5. Why do you balk at the idea of supporting a male partner when you have no problem if they support you? If women truly wanted equality they would be open to all types of partnerships where two people create and contribute….yet perhaps not both financially. If a man makes a gourmet meal for you after you had a hard day in the office, isn’t that worth sacrificing a part of your paycheck for?
After dating men of all heights, incomes, and careers, I’ve decided to prioritize a man’s ability to communicate and have adventures with me over his pursuit of a powerful career to pay for my Dom Perignon. But this runs in my blood.
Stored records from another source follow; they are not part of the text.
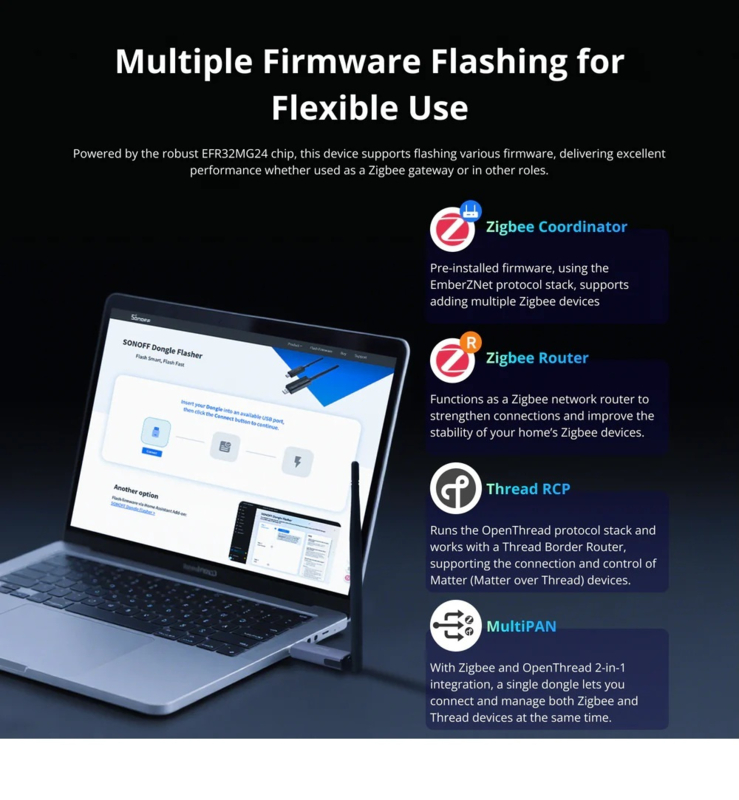 L’appareil est livré avec un firmware de coordinateur Zigbee, mais peut facilement être flashé pour d’autres rôles à l’aide de l’outil web SONOFF Dongle Flasher – comme routeur Zigbee, OpenThread RCP ou même un appareil MultiPAN – le tout en moins d’une minute. Le paquet inclut un câble d’extension USB d’un mètre, permettant un placement flexible et réduisant les interférences.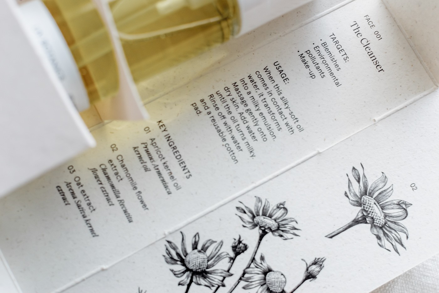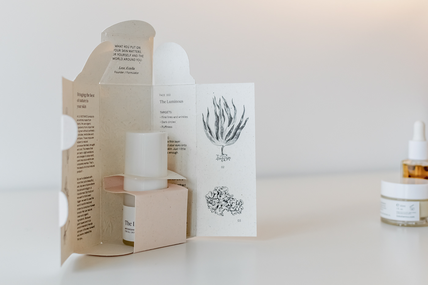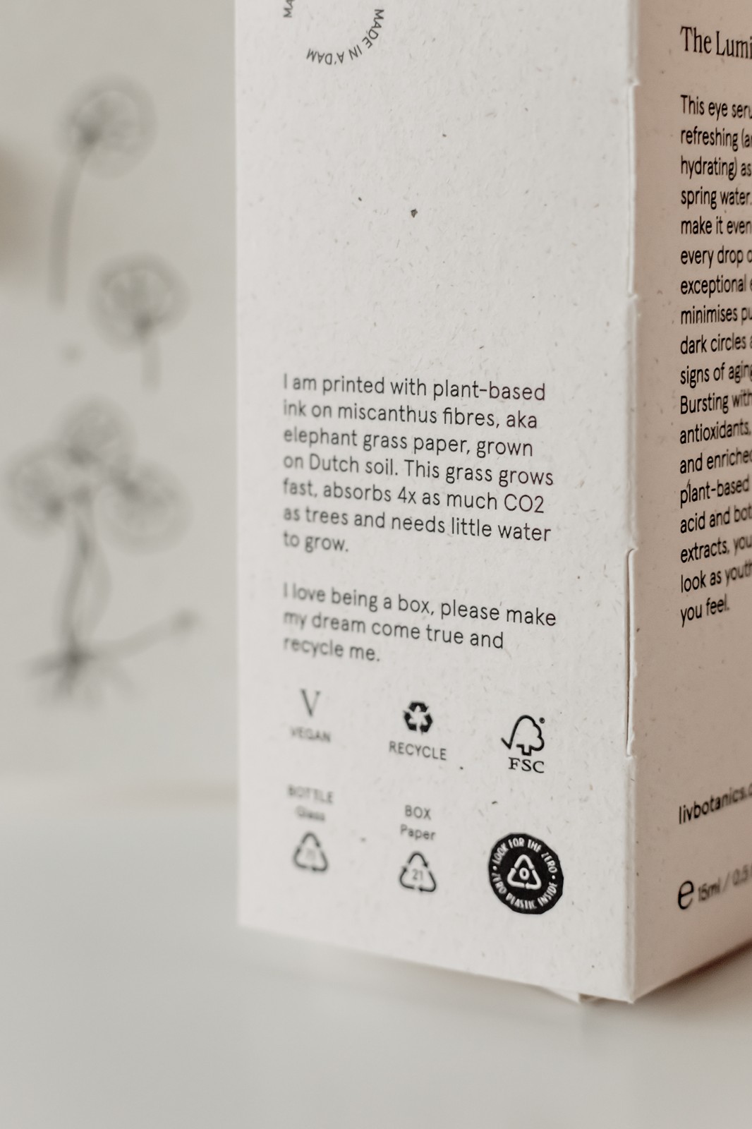 為了最大限度地減少品牌的碳足跡,我們在距離阿姆斯特丹市幾公里遠的大象草纖維上使用植物基無毒墨水進行本地印刷。主包裝盒不使用膠水,展開平展,展示每種產(chǎn)品中包含的關(guān)鍵成分的植物圖及其植物名稱和信息。用于瓶子和罐子的標簽不含塑料,而用于運輸?shù)亩壈b、紙帶和包裝紙是 100% 可回收和可回收的,并使用無毒的植物性油墨印刷。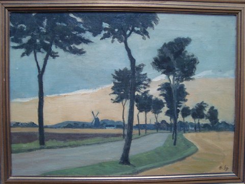 Landevej med træer og landsby med mølle i baggrunden.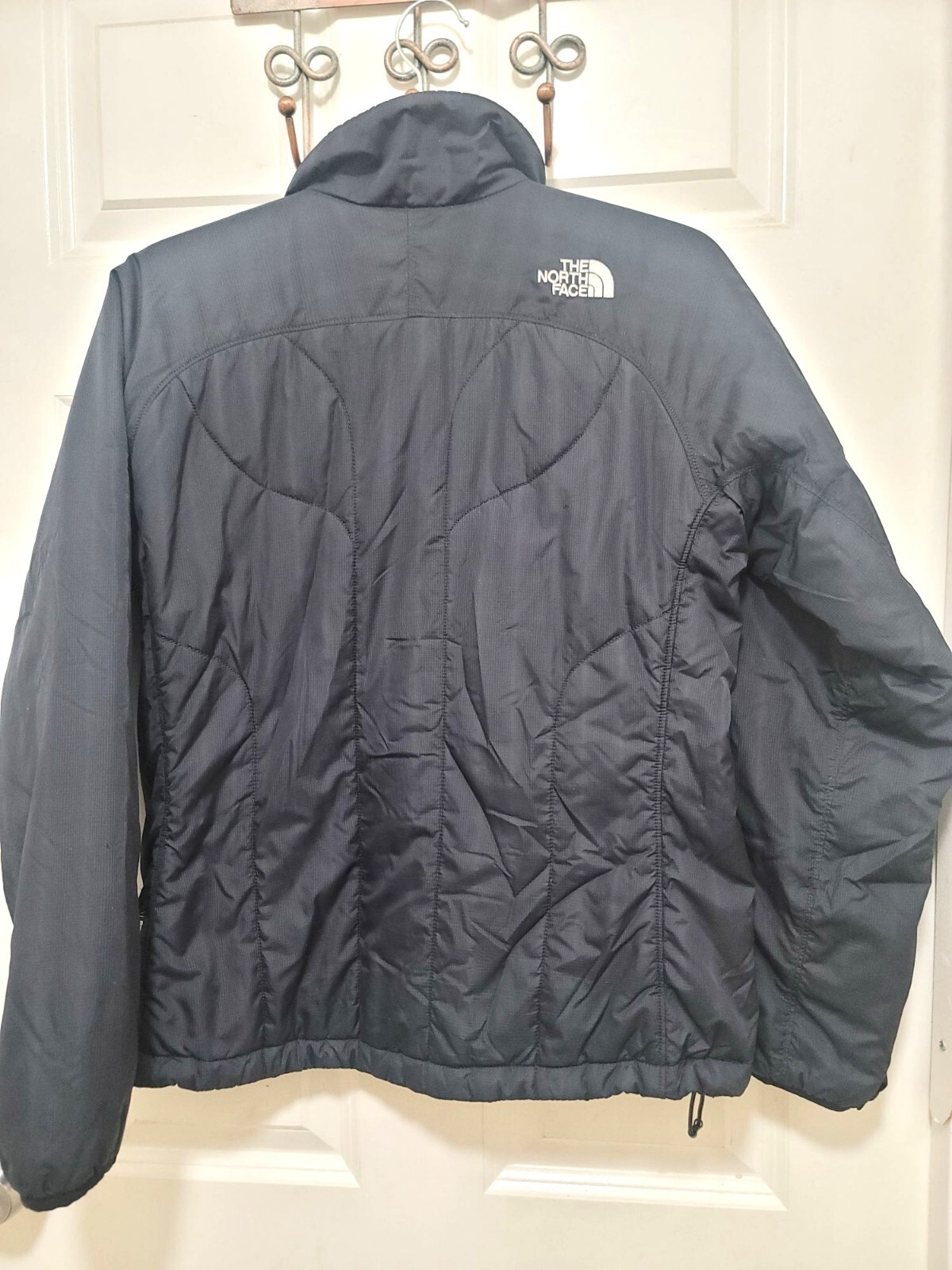 The north face redpointed primaloft black women's winter jacket. CONDITIONS pre owned, minor wear, good conditions. see photos for flaws details and measurements.

When my mother met my father she was a prestigious graduate bent on medical school. My father was a carpenter who had dropped out of college. Yet this was a turn on. You see, my mother had previously dated a pedigreed investment banker who departed for New York City to dive into 18 hour work days. She returned to her home state Montana looking for a man who valued Windy Paths more than Wall Street.
My parent’s first date? A bicycle trip across the state. I asked my mother why she fell for my father.
“I just wanted a real man that loved me and Montana.”
My father eventually returned to school to get an engineering degree (and then a masters) but that was after my parents were married and I was born. My favorite memories of my father are not the things he bought for me but the things he made with his own hands. My first rocking horse at age 3 and the carved wine stoppers I got at age 30.
My parents built a partnership not looking for the other to be “more” or “less” but to build something together as equal contributors. I think if we stop thinking about what we can GET in a relationship (young arm candy or financial security) and start focusing on what we can GIVE we’ll be much happier. We’ll also open up our dating pool.